No circularity; empirical method with external validation

full rationale

The paper proposes SciDC as a prompting-plus-constraint framework that uses LLMs to translate domain knowledge into decoding rules and then evaluates the resulting accuracy gains on three external scientific tasks against vanilla baselines. No equations, parameter fits, or derivations appear anywhere in the manuscript. The central claim is supported solely by reported experimental deltas (12% average) rather than any self-referential reduction of outputs to inputs. Self-citations, if present, are not load-bearing for the method's correctness, and the work remains falsifiable against independent benchmarks.

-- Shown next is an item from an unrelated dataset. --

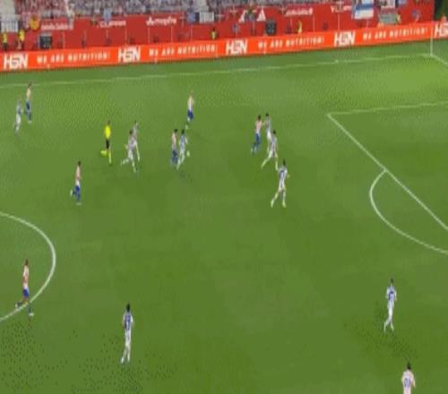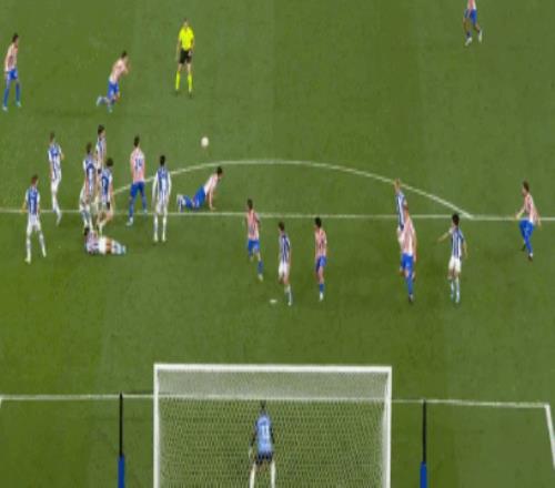開場僅19秒,馬雷羅后場大腳長傳,莫利納和朱利亞諾-西蒙尼連續(xù)冒頂,格德斯左路起球傳中,巴雷內切亞高高躍起頭球頂入遠角,皇家社會取得夢幻開局,1-0!

Axiom & Free-Parameter Ledger

0 free parameters · 1 axioms · 0 invented entities

The method depends on the unverified premise that LLMs can faithfully translate informal scientific knowledge into enforceable rules; no free parameters or new entities are introduced.

axioms (1)
  • domain assumption Strong LLMs can accurately convert flexible scientific knowledge into correct multi-layered standardized rules
    This conversion step is presented as reliable but is not demonstrated or bounded in the abstract.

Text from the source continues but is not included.